■ **About this exercise**: Your answer must be the full listing below, repeated exactly, with no pictures in it.

■ **Exercise data**:
+ + + + +
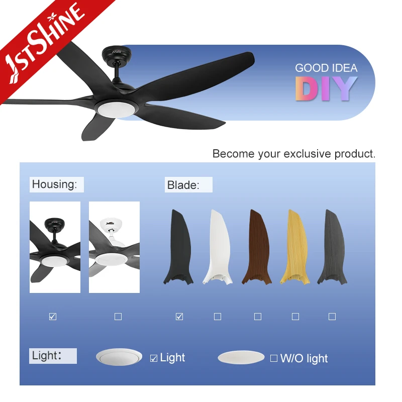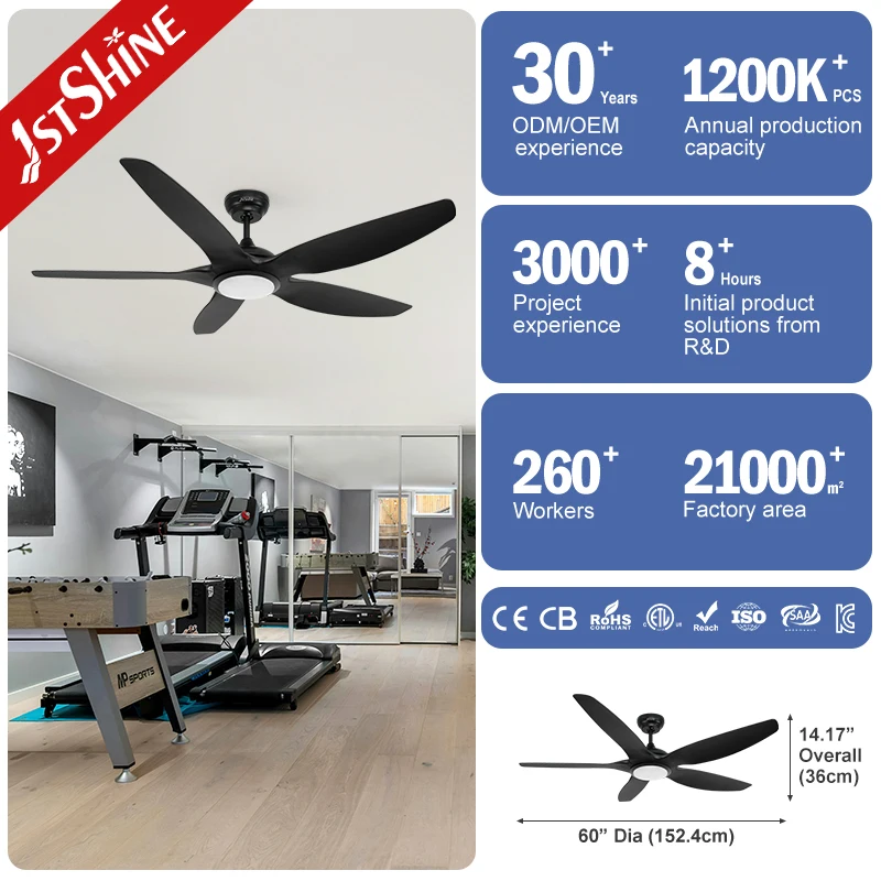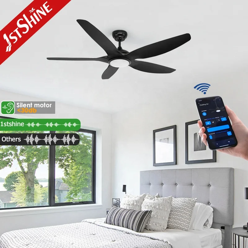 1stshine LED Ceiling Fan Hanging Black ABS Blades DC Motor Ceiling Fan with Light
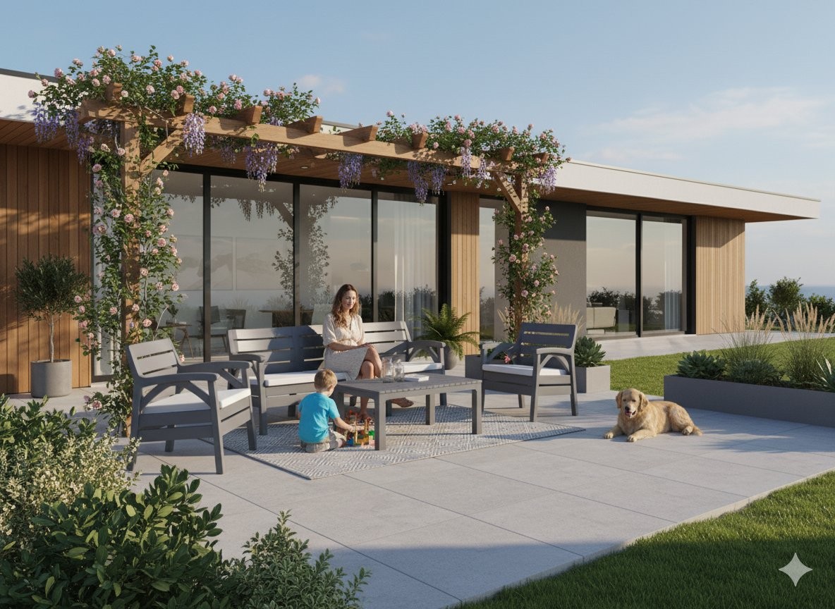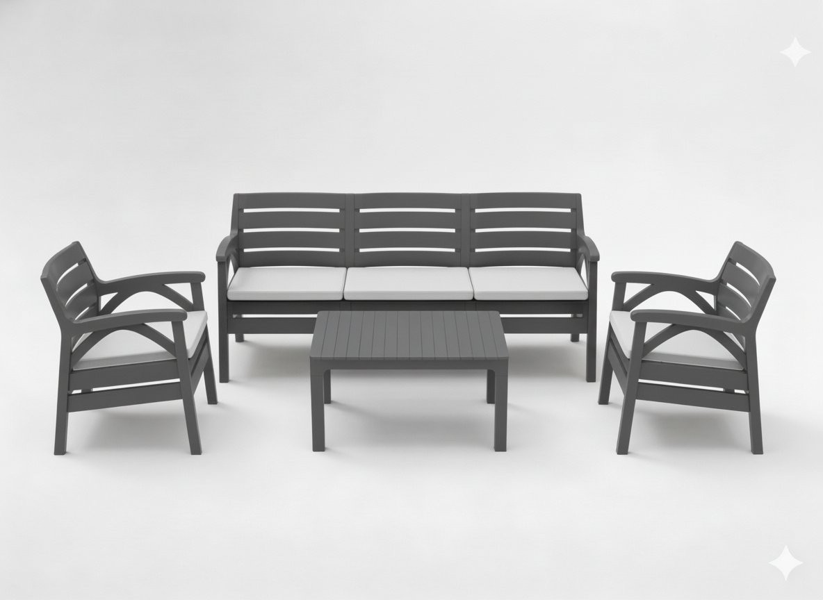 Vrtni set Santana (antracit/bež) prinaša premišljeno rešitev za urejeno in udobno zunanjo jedilno ali sprostitveno površino. Izvedba v odtenkih antracit, blazine: bež omogoča enostavno usklajevanje z različnimi zunanjimi ambienti.
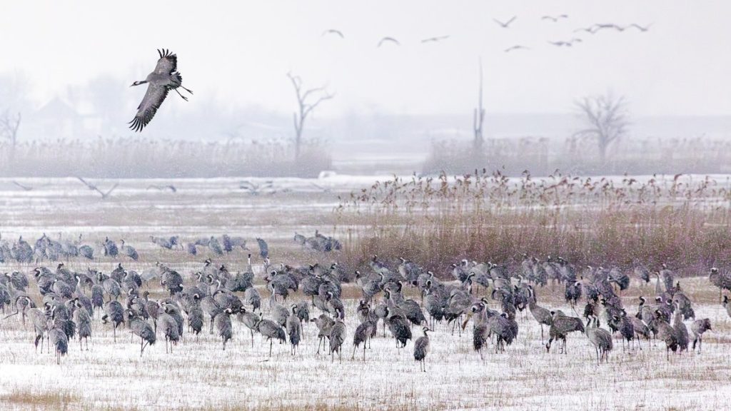 Kemény fagyban is kitartanak a darvak Kardoskúton
+ + + + +
■ **Task answer**:
 1stshine LED Ceiling Fan Hanging Black ABS Blades DC Motor Ceiling Fan with Light
 Vrtni set Santana (antracit/bež) prinaša premišljeno rešitev za urejeno in udobno zunanjo jedilno ali sprostitveno površino. Izvedba v odtenkih antracit, blazine: bež omogoča enostavno usklajevanje z različnimi zunanjimi ambienti.
 Kemény fagyban is kitartanak a darvak Kardoskúton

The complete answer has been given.